Figure 1 The cholesteatoma in the left external auditory canal damaging the posterior wall of the external auditory canal
Figure 2 Cholesteatoma in the external auditory canal
Diagnosis
A diagnosis can be readily established based on the medical history and the characteristic white cholesteatoma in the external auditory canal. Pathological examination can confirm the diagnosis. Attention should be paid to the differentiation from primary middle ear cholesteatoma, external auditory canal cancer, and necrotizing external otitis. Temporal bone CT or mastoid x-ray can be performed if necessary.
Treatment
Cholesteatoma without concurrent infection can easily be removed, and can be removed with a cerumen hook.
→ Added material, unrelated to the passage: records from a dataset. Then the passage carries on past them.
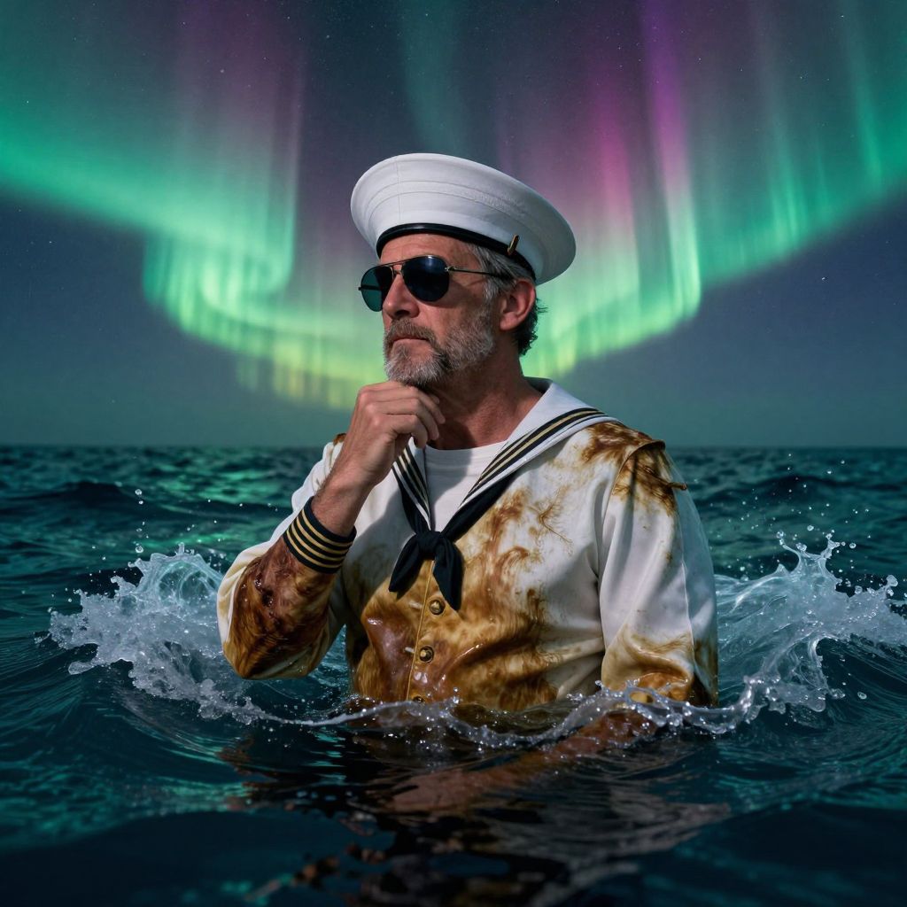 A mature gentleman, his features cloaked in thought, is enveloped by translucent waves seemingly pulled from the sea itself. Vibrant aurora borealis ribbons swirl and dance around him, creating a captivating display against the starlit ocean backdrop. The elegant yet weathered naval uniform he wears blends seamlessly with the natural hues of the aurora, weaving a rich tapestry of colors and textures. This scene evokes a sense of tranquility and mystery, inviting viewers to ponder the untold tales of his life at sea and the secrets hidden within.
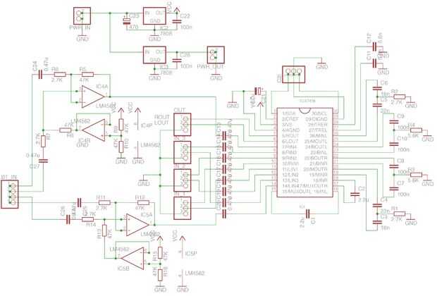 Los amplificadores diferenciales se construyen con dos LM456 de audio de bajo voltaje Op Amps. Un amplificador es el diferencial en sí mismo, y el otro es una referencia de tensión constante que simula una doble polarizado polarización de 2,5 voltios. He intentado emparejar impedancias de entrada y salidas.
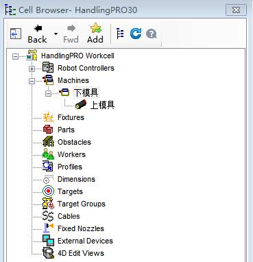 在ROBOGUIDE中導(dǎo)入外部的實(shí)體數(shù)模,可以添加在Machines、Fixtures、Parts、Obstacles等不同目錄中,如下圖所示。需要注意的是,在創(chuàng)建壓機(jī)的過(guò)程中,壓機(jī)應(yīng)添加在Machines欄中,因?yàn)橹挥性趍achine上可以再添加Link,而且添加在machine上的link在設(shè)置之后是可以在程序運(yùn)行時(shí)一起運(yùn)動(dòng)的。利用這一特性我們可以實(shí)現(xiàn)壓機(jī)下模具與上模具之間的相對(duì)運(yùn)動(dòng)。類似的如滑臺(tái)、轉(zhuǎn)臺(tái)、導(dǎo)軌等有多工位或者需要運(yùn)動(dòng)的設(shè)備都須添加在這個(gè)目錄中。
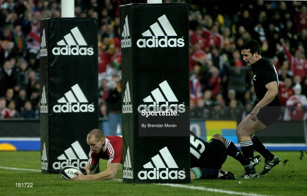2 July 2005; Gareth Thomas, British and Irish Lions, scores his sides try against New Zealand. British and Irish Lions Tour to New Zealand 2005, 2nd Test, New Zealand v British and Irish Lions, Westpac Stadium, Wellington, New Zealand. Picture credit; Brendan Moran / SPORTSFILE
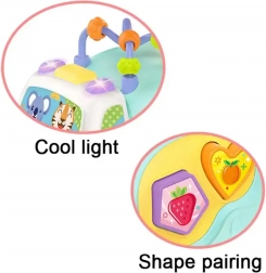 Zahrnuje tvarový sorter s barevnými kostkami, který pomáhá rozvíjet koordinaci oko-ruka a rozpoznávání tvarů.
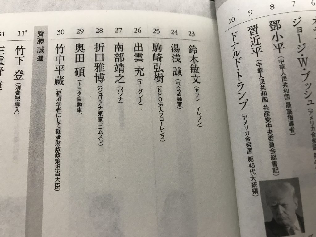 今上天皇ご退位に伴い、平成ももう終わりということで、平成を彩る人物を100人あげよう、という企画。
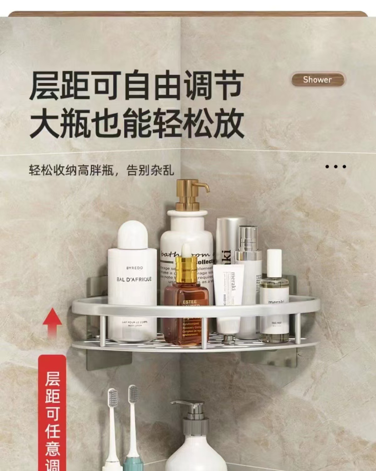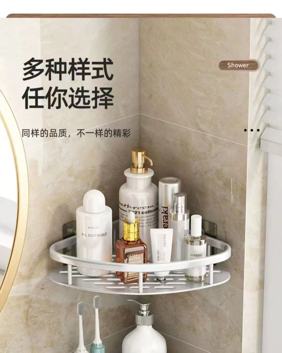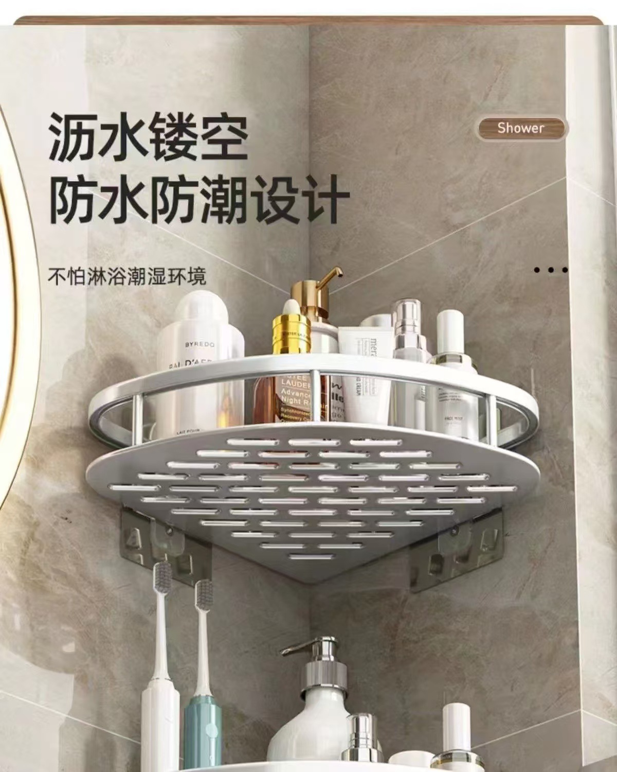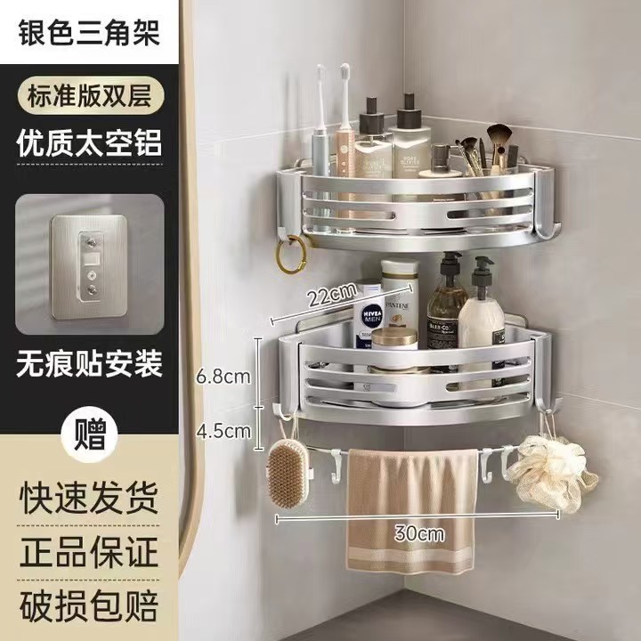 免打孔浴室收纳置物架卫生间壁挂式多层三角厕所转角挂墙防水吸盘
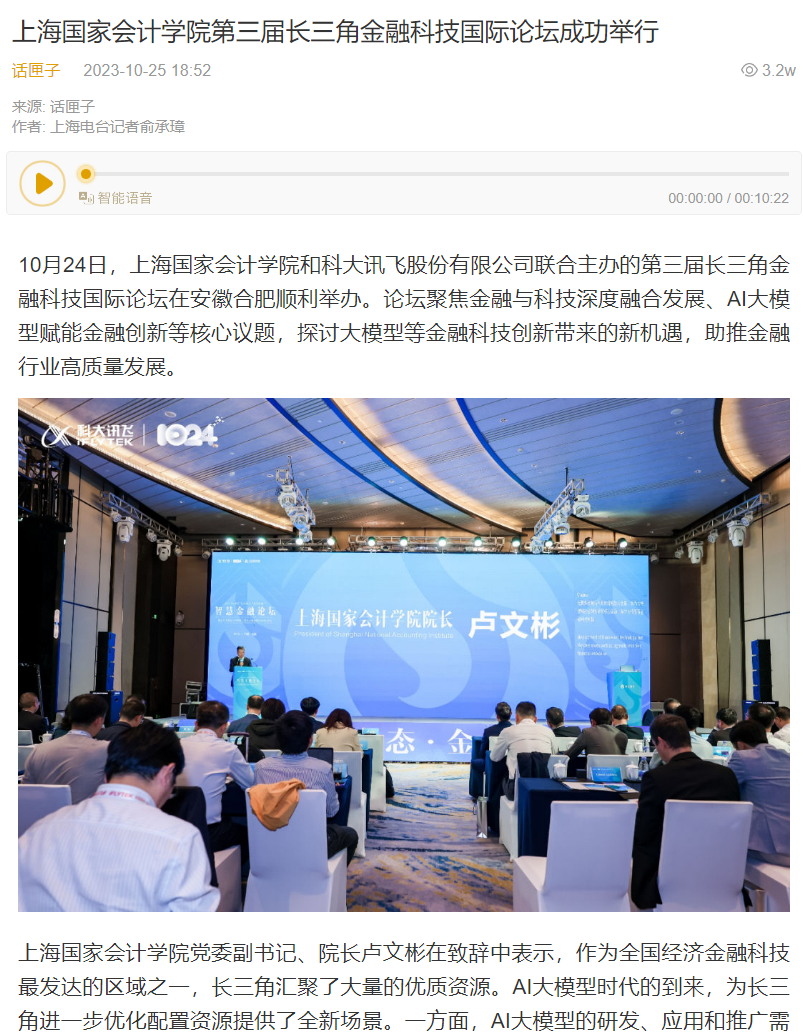 话匣子:上海国家会计学院第三届长三角金融科技国际论坛成功举行【2023年10月25日】
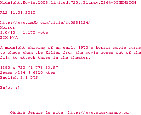 Voir le nfo de la release Midnight.Movie.2008.Limited.720p.Bluray.X264-DIMENSION

When concurrent infection occurs, attention should be paid to infection control. However, it is difficult to quickly control the infection alone. Only after the cholesteatoma is completely or partially removed, can the inflammation subside.
In patients with severe infection or irremovable cholesteatoma, general anesthesia and surgical microscopy can be considered, and systemic antibiotics should be administered to control the infection. Postoperative observation is needed, and residual or regenerated cholesteatoma should be removed.
In case of extensive lesion, canalplasty may be required, and sometimes even mastoidectomy is required.